C’est sur ces entrefaites, au milieu de tout ce travail d’organisation, que s’ouvrit le 4e Congrès de l’Internationale, à Bâle. Il se tint du 6 au 12 septembre. Les ouvriers parisiens y avaient envoyé une délégation nombreuse. Tous les mandants n’étaient pas affiliés ; mais les mandataires promirent l’adhésion collective de leurs sociétés et furent admis au Congrès. La délégation française se ressentait ainsi du caractère de l’Internationale nouvelle, vaste foyer de propagande plutôt que groupement régulier. Parmi les vingt-six délégués français, il faut citer Aubry, assisté de deux camarade normands, délégués de Sotteville et d’Elbeuf, Varlin, Landrin, Murat, Pindy, Franquin, des lithographes, Langlois, le proudhonien, le cordonnier Chemalé, Tartaret ; Albert Richard et Bakounine, qui, avec deux autres camarades représentaient les sociétés lyonnaises ; Boudet de la section de Limoges ; enfin Tolain, dont le mutuellisme n’avait pu trouver une délégation à Paris et qui représentait les boulangers de Marseille.

Les mutuellistes, en effet, qui sentaient de plus en plus décliner leur influence, avaient fait à Paris des efforts désespérés pour se faire déléguer au Congrès de Bâle par les sociétés ouvrières.

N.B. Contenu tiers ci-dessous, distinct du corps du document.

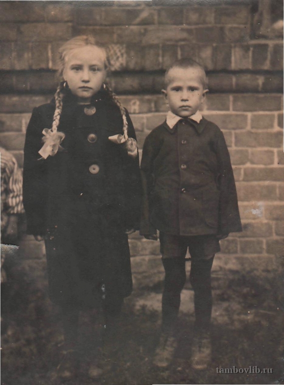 На фото: Сарычева Аля (7 лет) и её брат Виталий (5 лет). Сарычева Алевтина Петровна (в замужестве Пелагеина) в 1965 году окончила Моршанский библиотечный техникум. 42 года отдала библиотечному делу. Почти 30 лет работала заведующей отделом обслуживания Знаменской центральной библиотеки.1953 Знаменская ЦБС Семейное Село Рысли Моршанского района Тамбовской области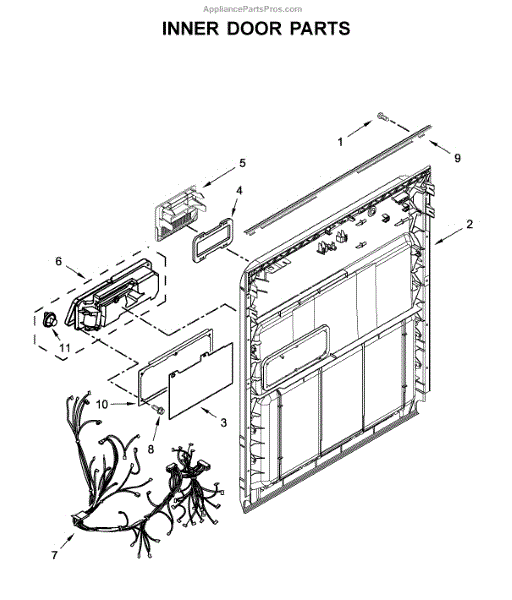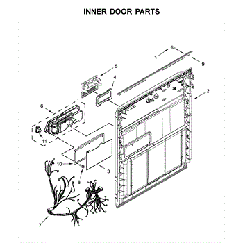 Replaces a cracked, dented, or damaged dishwasher inner door panel. Restores interior finish and provides the correct mounting surface for door hardware.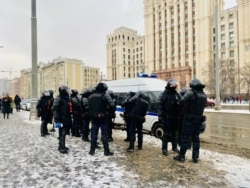 В сквере у метро "Красные ворота" полиция также задерживает людей, которые, по словам корреспондента Радио Свобода, мирно стояли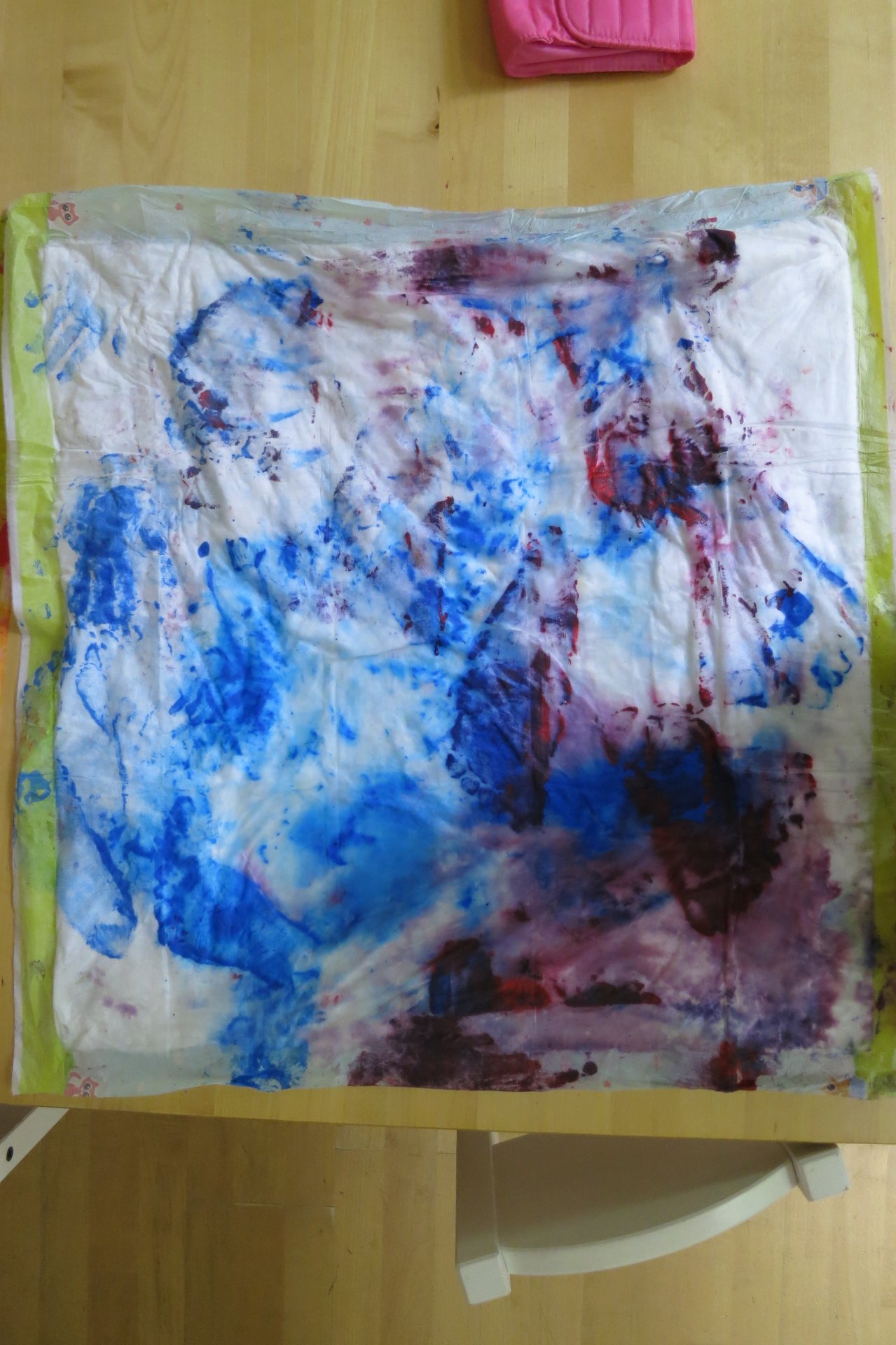 Das Bild wurde geknautscht, zusammengefaltet und abgedruckt, wieder gegossen, wieder bemalt,…..wodurch spannende Farbverläufe entstanden.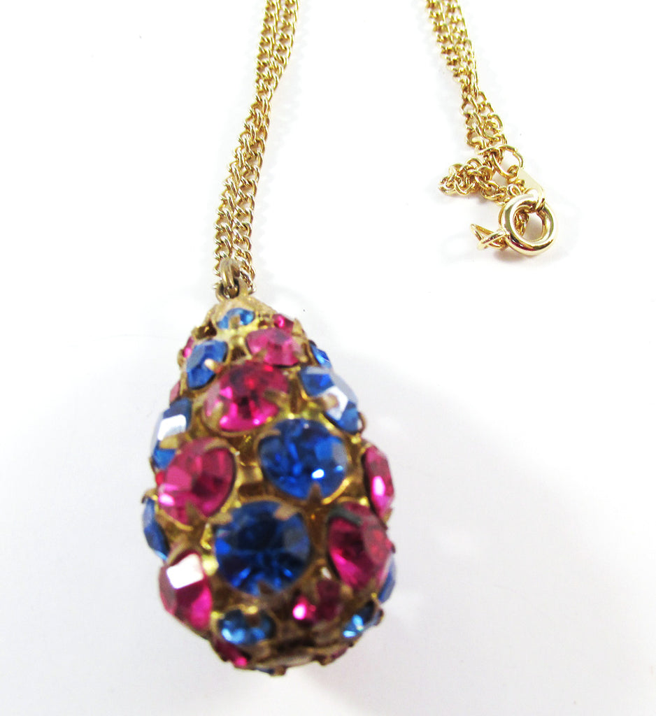 Vintage 1960s Fuchsia and Sapphire-Blue Rhinestone Pendant
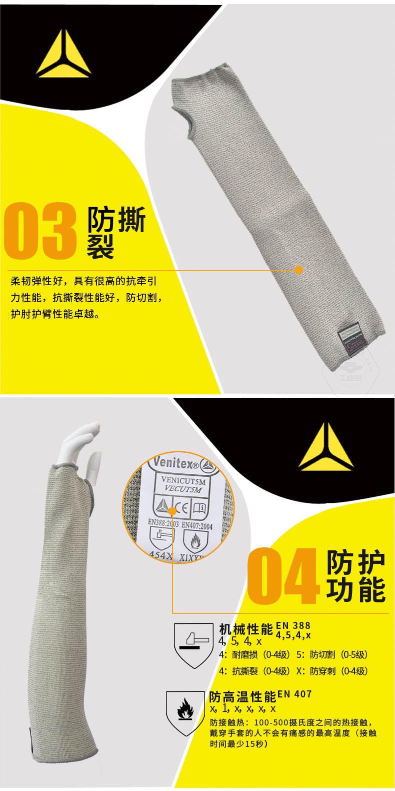 商品名稱:代爾塔 防切割套袖 隔熱防割手套工作勞保手套 耐磨抗撕裂耐高溫工業(yè)級針織高強(qiáng)度202013 淺灰色 一只(不分左右手)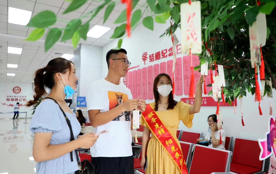 在区政务服务大厅婚姻登记处的志愿服务中,我的工作是给群众提供引导服务,本次的实践活动也让我深刻体会到了婚姻登记流程办事效率的进步。刚开始工作时,我不太会主动和人交流,也不会主动询问别人是否需要帮助,总是站在一旁仔细观察,学习其他工作人员的操作。但是随着志愿服务的时间日益增长,我的工作水平也在日渐提高。我接触到了形形色色来咨询的人,业务能力也随之变得越来越强,能积极的向人们询问需要的业务类型,是否需要帮助他们在大厅取号预约,并对他们的问题进行简单的答疑。我深刻认识到作为志愿者,不仅要主动靠前服务,更要善于沟通,作为共产党员,要始终对群众保持热忱之心,时刻紧绷思想之弦,坚决筑牢责任之堤,时刻保持最饱满的工作热情。
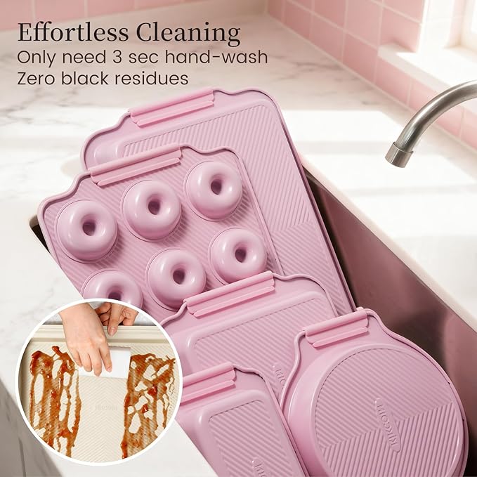 - Advanced Non-Stick Performance—A unique wave-textured base minimizes food-to-pan contact, working synergistically with the premium non-stick coating to prevent stubborn residues. Even sugar-rich foods like honey cookies or jam-filled pastries release smoothly, preserving their shape and beauty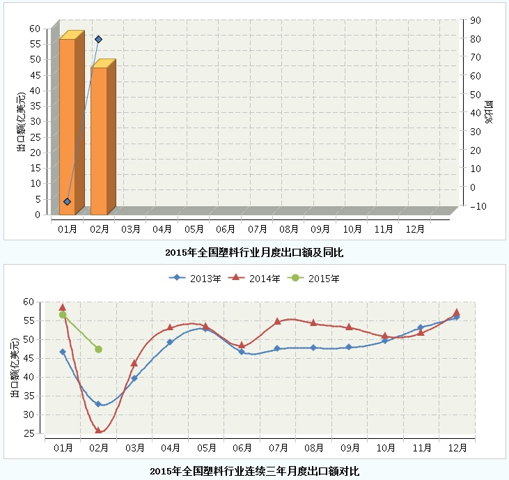 中国轻工业经济运行及预测预警系统数据显示:2015年1月~2月,全国塑料制品行业累计完成出口额103.98亿美元,同比增长23.6%。其中:2月份完成出口额同比增长84.2%,出口增幅较1月份大幅回升。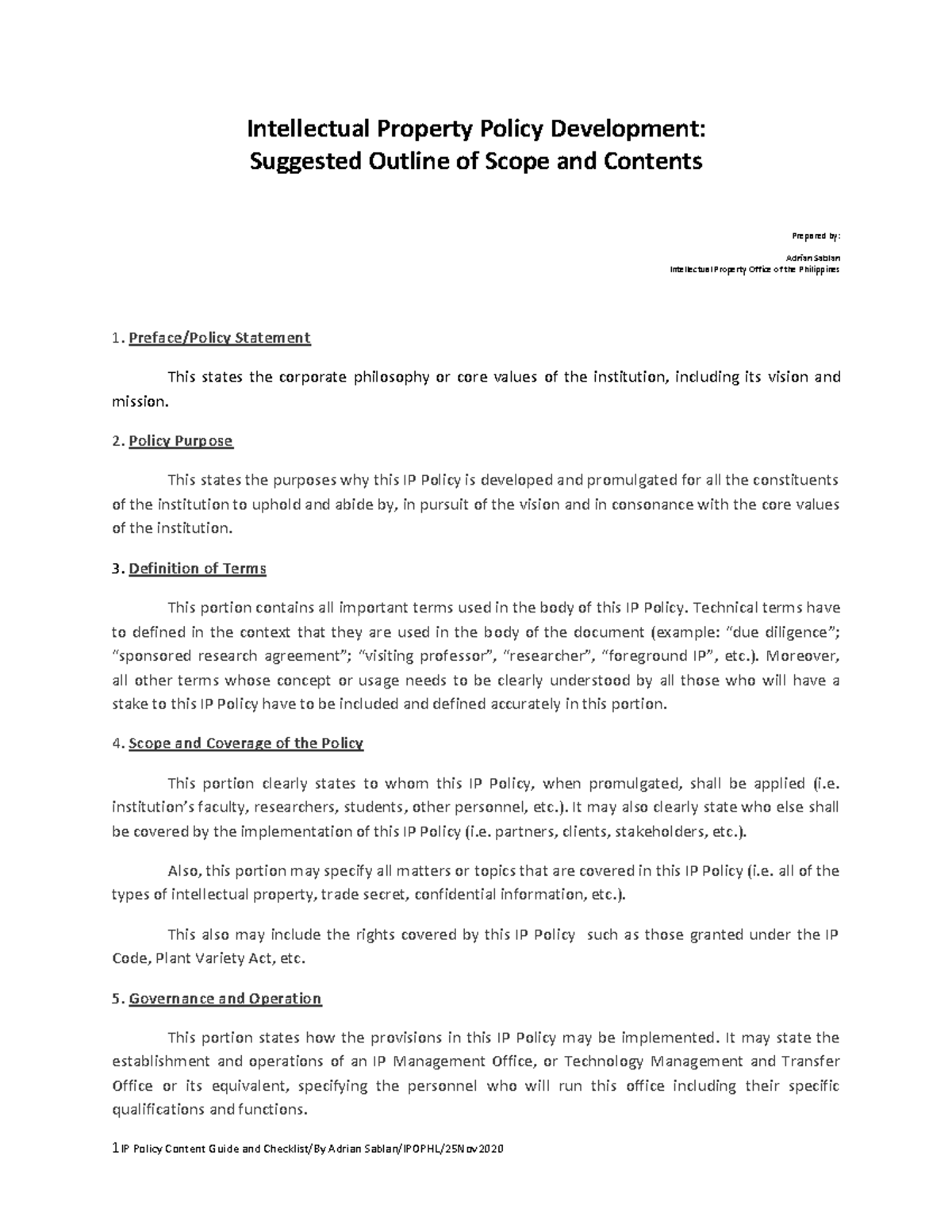 IP Policy Content Guide and Checklist | PDF | Intellectual Property ...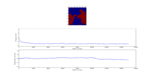 The code was modified to correct the average such that the first ncols x nrows x 200 steps were discarded whilst the system equilibrated, thus giving a more accurate average.
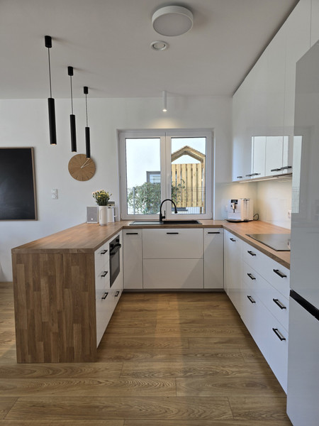 Najlepsze materiały, wysokość pomieszczeń na parterze i piętrze to ok. 280cm. W całym domu położone gładzie gipsowe i polimerowe. Drzwi wewnętrzne lakierowane z naturalnego dębu(fornir), schody z litego dębu. AGD wysokiej klasy z funkcjami smart o najwyższej klasie energooszczędności. I wiele innych perełek ;)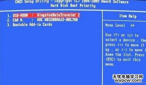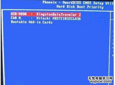 進入到硬盤啟動優先級(Hard Disk Boot Priority)界面后。需要使用小鍵盤上的加減符號(+、-)來選擇與移動設備,要將U盤選擇在最上面。完成前面的步驟后按住ESC鍵退出,便會回到圖2-1的設置界面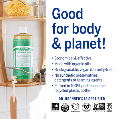 - MADE WITH ORGANIC OILS & CERTIFIED FAIR TRADE INGREDIENTS: Dr. Bronner's Pure-Castile Liquid Soaps are made with over 70% certified organic & fair trade ingredients, promoting healthy communities, ethical working conditions & fair prices

Dans une lettre du 3 septembre, qu’il faisait porter à Richard par un congressiste à Bâle, et dans laquelle il lui recommandait vivement de s’entretenir avec Varlin, Malon lui décrivait comment ils avaient demandé, les uns et les autres, à de grands journaux parisiens de les choisir comme correspondants, et de leur payer les frais du voyage, afin d’obtenir plus facilement les délégations des sociétés. Mais « leur petit projet avait en partie échoué ». — « Je crois, concluait Malon, que somme toute la majorité des délégués de Paris sera collectiviste ».

Les collectivistes, en effet, l’emportèrent dans les syndicats parisiens ; et, ils l’emportèrent également, quelques jours plus tard, au Congrès même, où ils infligèrent aux Proudhoniens une défaite décisive.

Nous ne pouvons ici que rappeler brièvement les résolutions du Congrès. Elles sont d’ailleurs célèbres.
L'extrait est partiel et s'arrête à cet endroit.